Wed Nov 14 06:04:20 PST 2007

On Wednesday 14 November 2007 11:23, Or Gerlitz wrote:
> I think this flow can be simplified to have the --receiver-- send credit
> update packet
> when it sees that the credits at the sender are below some low water mark.

It works both ways. The sender requests an ACK packet when its credits
are too low. The receiver will also schedule an ACK when the sender ate
half its window.

> Also: with this approach, can we remove the ACK packets from RDS/IB
> altogether? since you know what
> was the last sequence number, and the sequence number is incremental, IB RC
> in order delivery
> guarantees that  all the  packets (RDS fragments) up to this number are in
> memory.

Yes, that's certainly a possibility.

However, after experimenting with this code some more, I have some doubts.

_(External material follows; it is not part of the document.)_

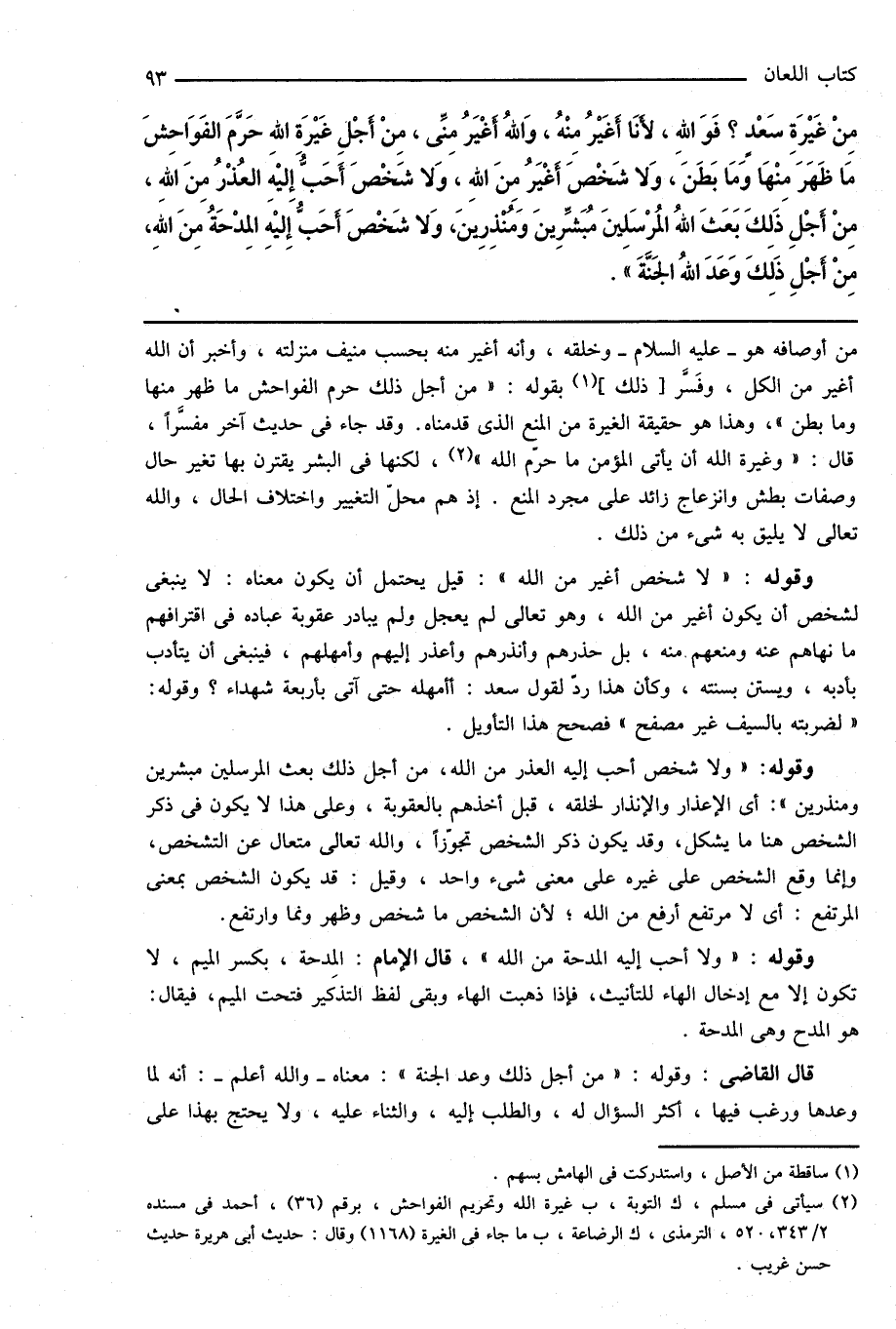 (¬2) سيأتى فى مسلم، ك التوبة، ب غيرة الله وتحريم الفواحش، برقم (36)، أحمد فى مسنده 2/ 343، 520، الترمذى، ك الرضاعة، ب ما جاء فى الغيرة (1168) وقال: حديث أبى هريرة حديث حسن غريب.

 a)	with a credit based scheme, we will never be able to use
	a shared receive queue (because you don't know in advance how
	to allocate credits)

 b)	We're currently making heavy use of ACK packets, which complicate
	matters quite a bit - the whole send path is serialized using the
	c_send_sem semaphore, except for ACKs. So additional locking is
	required for that.

	Also, right now we always send an ACK when we think we need to.
	With flow control, you can't do that anymore.

 c)	The patch as it is now does not completely prevent situations
	where both sides are stalled after using up their credits.

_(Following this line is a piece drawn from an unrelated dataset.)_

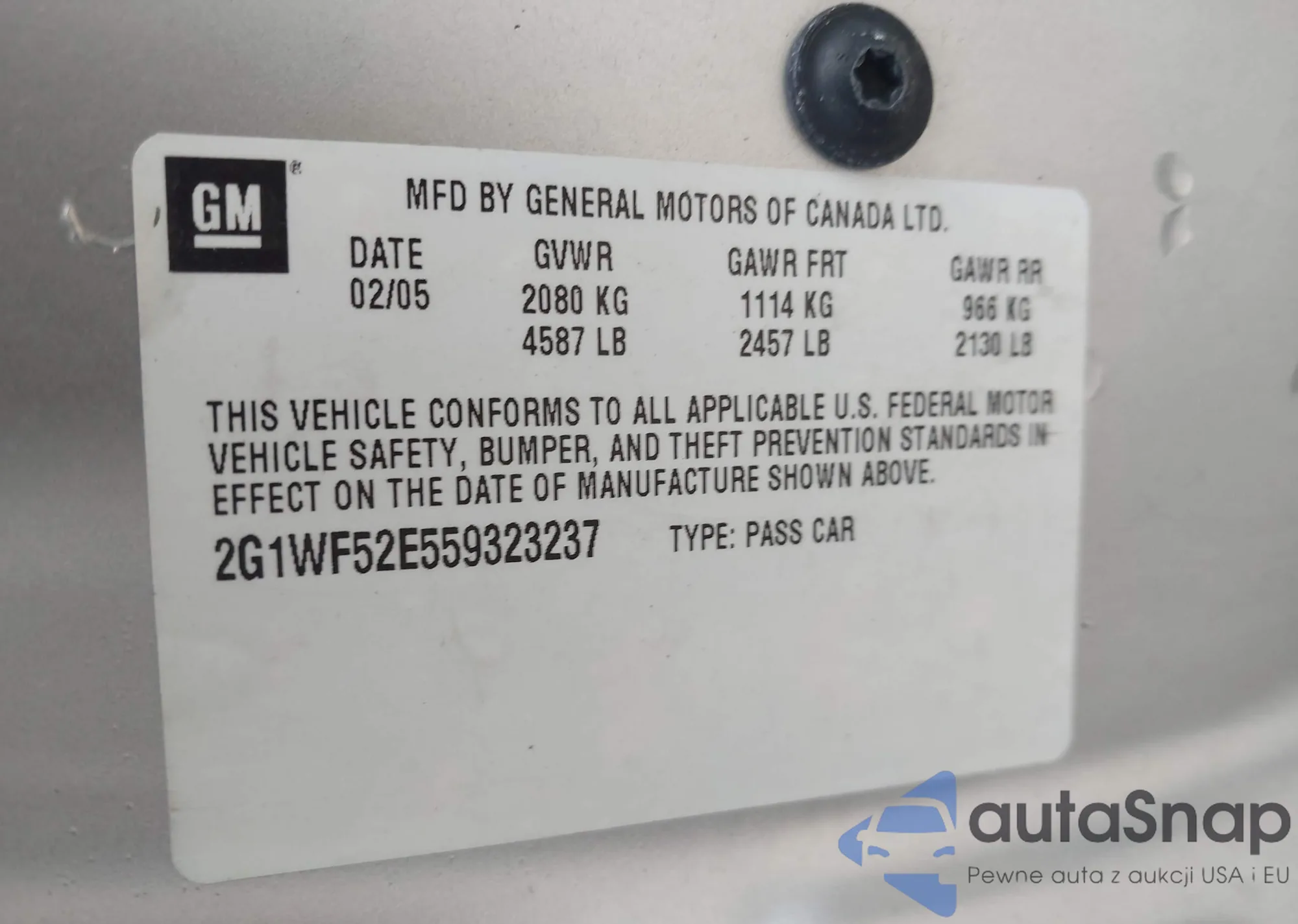 LOT: 42230599 VIN: 2G1WF52E559323237

> Second point, I have failed so far to fully understand the RDS congestion
> management, however, it is possible
> that with the flow control protocol, there's no need to have congestion
> control wire protocol and it can be based
> on the information present in the credit management?

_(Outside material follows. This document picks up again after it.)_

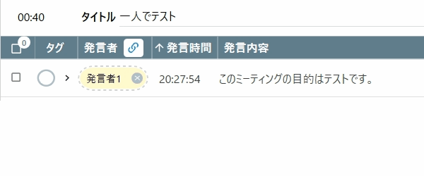 「このミーティングの目的はテストです。」

No. The point of RDS is you have *one* reliable connection (TCP, IB RC)
connecting two hosts (or rather, two IP addresses A and B). This single
connection carries all traffic from any port X at address A to any
port at address B.

We do not want to throttle the entire connection (ie all traffic flowing
from A -> B) just because a single port on B is not serviced quickly
enough by the application listening on it.

So when the application owning port X on address B is slow in picking up
the packets on its receive queue, we actually need to throttle the sender(s)
on all the sending hosts who want to send to that port.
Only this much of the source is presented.